Human iPS cells are not permissive to HCMV infection
To test whether human iPS cells are refractory to HCMV infection as observed for mouse ES cells , iPS cells were infected with HCMV at an MOI of 3 and cultured for up to 15 days. No significant morphological changes were observed in HCMV infected iPS cells (Figure 2a) compared with mock infected cells (Figure 2b). Furthermore, expression of immediate early, early and late HCMV antigens were not detected by immunostaining (data not shown), indicating that human iPS cells are not permissive for HCMV infection.
HCMV infection of NSCs impairs neuronal differentiation
To investigate whether HCMV alters the differentiation of neural stem cells as reported with MCMV infection , neural rosettes (a distinct class of neural stem cells with a broad differentiation potential, see Figure 1c) were isolated manually and plated in 24-well plates at a density of 20–30 rosettes/well. The characteristic cellular organization of neural rosettes (wedge-shaped cells arranged radially around a central cavity) allows for their easy isolation from the differentiating iPS cells. After 3 hours to allow for attachment to the surface of the plastic plate, the neural rosettes were infected at MOI of 3 with HCMV and cultured in neurobasal medium. We initially monitored the morphological changes to assess the development of cytopathic effects (CPE) and neural differentiation. At day 3 post infection (p.i.) neuron-like cells appeared in the cultures and their number increased with time. Most of the neurons differentiated in infected cultures showed abnormal morphology compared to neurons differentiated in mock infected cultures (Figure 3a–3b). A moderate CPE (increased cell volume as well as the presence of intranuclear inclusion bodies) was observed in the infected cultures (Figure 3c, 3e). Immunostaining for pp65, a major component of the viral tegument, showed the presence of the protein in a substantial majority of the cells displaying CPE (see Figures 3d). The presence of viral antigens was also assayed by staining for immediate early, early and late HCMV antigens (Figure 3f). Immunostaining with ß-tubulin III (clone TuJ1) showed a substantial difference in neuronal morphology between infected and mock infected cultures, suggesting that HCMV affects neural differentiation (Figure 3a–b). Furthermore, immunocytochemical analysis revealed no staining for pp65 in most of the neurons differentiated from neural stem cells (see boxed areas, Figure 3g–h). Weak to moderate staining of pp65 was detected in only a few neurons (Figure 3i–3j). It is noteworthy that a conspicuous fraction of infected cells (expressing the viral antigen pp65) displayed a strong staining for Tuj1 (Figure 3g–h), whilst in mock infected cultures only cells with neuronal morphology were stained with Tuj1 (Figure 3a). Taken together, these results suggest that HCMV impairs neural differentiation in neuronal stem cells.

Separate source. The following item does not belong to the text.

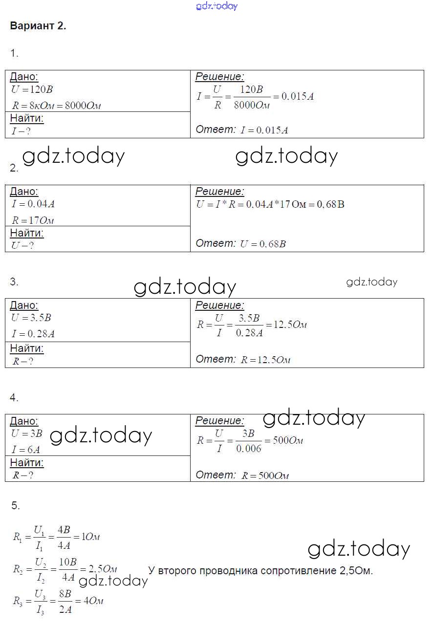 На страницах сайта gdz.today вы найдете учебный и вспомогательный материал, направленный на улучшения знаний школьной программы. ГДЗ - онлайн мир знаний СР №33. Закон Ома для участка цепи Решение к самостоятельным работам вариант-2 Контрольным и самостоятельным работам по Физике для 8 класса Громцева Экзамен УМК 2017

Top panel. Identification of neurons differentiating in mock infected (a) and infected (b) cultures by Tuj 1 immnostaining (red). The presence of HCMV antigens in infected cells displaying CPE (c, e) was determined by staining for pp65 (d) and blend (f, see material and methods). (g–j): Analysis of neurons differentiating from infected neural rosettes. Co-immunostaining for Tuj1 (red) and pp65 (green) showed that cells expressing the virus antigen (h) strongly stain for Tuj1 (g). Most of the cells with neuronal morphology stain for Tuj1 (g, within the box, left) but not for pp65 (g, within the box, left). Co-expression of ß-tubulin III (i) and pp65 (j) was observed only in a small fraction of neurons (indicated by arrowheads). Scale bar is 50 µm. Bottom panel. FACS analysis of neural stem cells viability after HCMV infection (day 15 p.i.).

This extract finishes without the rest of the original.